Kingston
Viet Thahn Nguyen, Editor
The Library of America
The Bicentenary year of 1976 marked Maxine Hong Kingston’s arrival on the American literary scene with the publication of her work The Woman Warrior, winner of the National Book Critics Circle award. The groundbreaking story is of a modern Chinese American woman from a recently immigrated family entwined with the fable of a woman warrior-general of ancient China. The skillfully woven thread of the story compares the struggles of a woman demanding recognition by a society that has traditionally denigrated women to the struggles of the writer to be accepted by her new country while respecting her heritage. The whole is an anthem to the power and resilience of women.
… a fine volume for anyone seeking to learn about Kingston’s visionary work …

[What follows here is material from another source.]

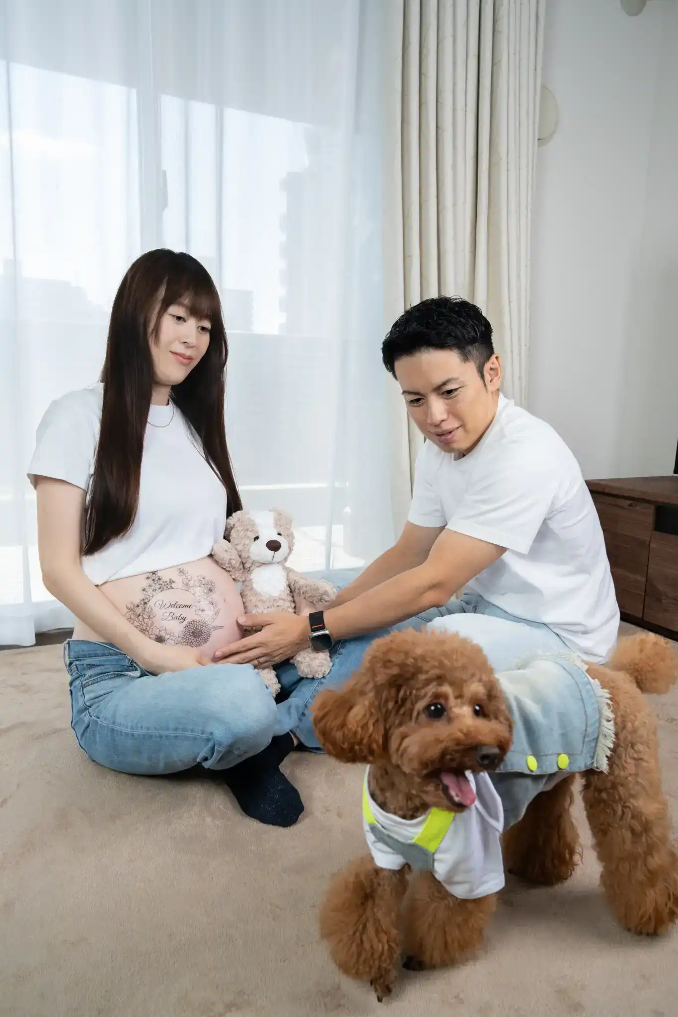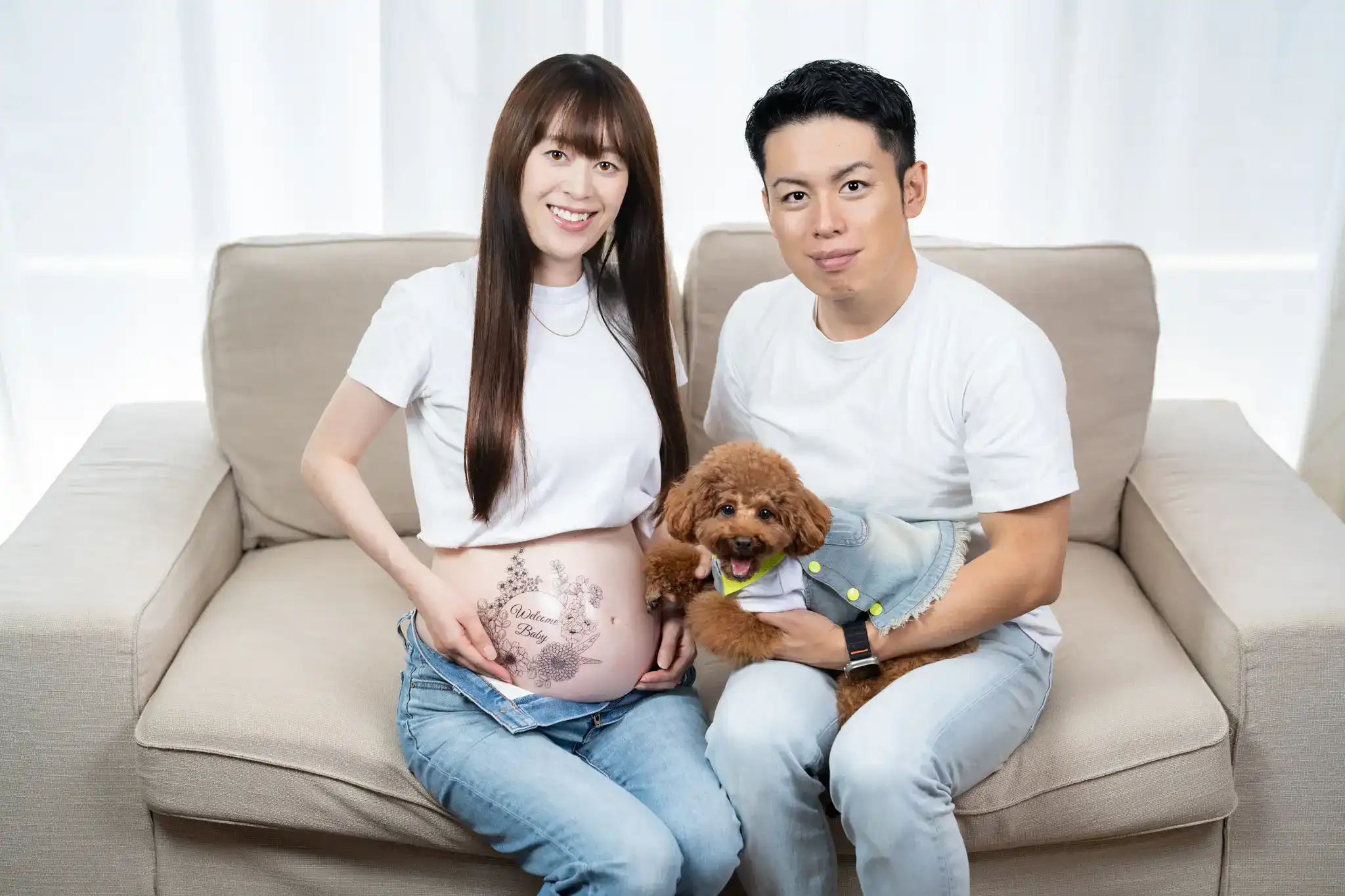 自然光がきれいなご自宅で、ご夫婦とワンちゃんのマタニティ撮影です。
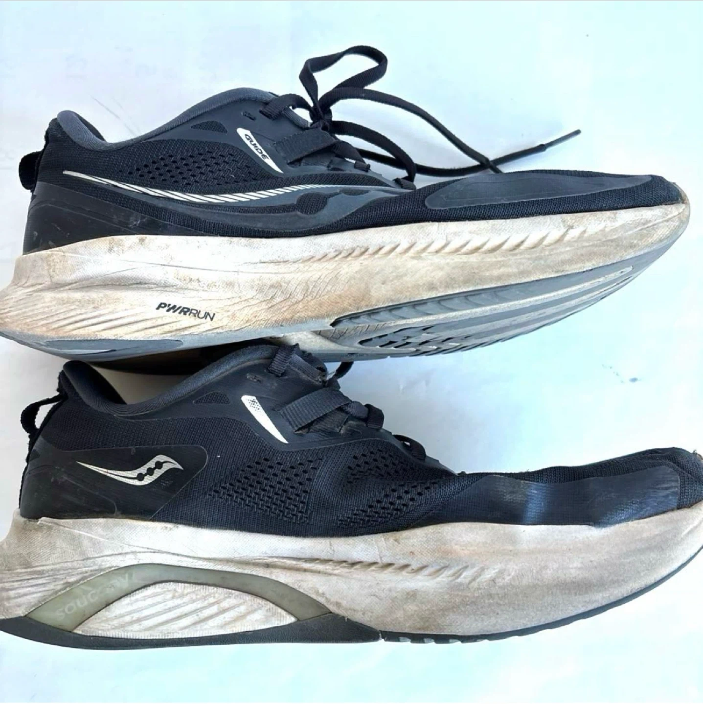 ご覧いただきありがとうございます。 saucony サッカニー ランニングシューズだと思いますが、 普段履きもしていました。 【情報】 ブランド:サッカニー 型番:S20684-05 サイズ:USA 8.5、UK 7.5、EUR 42、26.5cm 色:黒 【状態】 使用感、汚れあり ソールの減りあり お試し用に…とりあえず、という方… 気にならない方がいらっしゃったらどうぞ。 現状のままお渡しします。 中古品ということをご理解いただいた上で、 お手続きをお願い致します。 気になる方はご遠慮ください。 メンズ サッカニー ランニング

The compendium of Kingston’s works includes China Men—the profound and triumphant story of Kingston’s ancestors who forged a new life in America. Tripmaster Monkey: His Fake Book is the story of the gloriously-named Wittman Ah Sing, a fifth-generation Chinese American. The Berkeley graduate and poet encounters the wild San Francisco Beat scene in an uplifting and often funny eulogy to the 1960’s counterculture. On a more personal note Hawai‘i One Summer is a collection of Kingston’s essays which cover topics ranging from her condemnation of reviewers’ supercilious and downright lazy ethnic pigeonholing treatment of The Woman Warrior, to the delights of surfing, the trials and tribulations of home-buying, and a discussion of the work of beat poet Lew Welch Jr., leading light of the Beat generation literary movement.
The Library of America has produced a fine volume for anyone seeking to learn about Kingston’s visionary work, or for any existing fan wishing to dip into old favorites.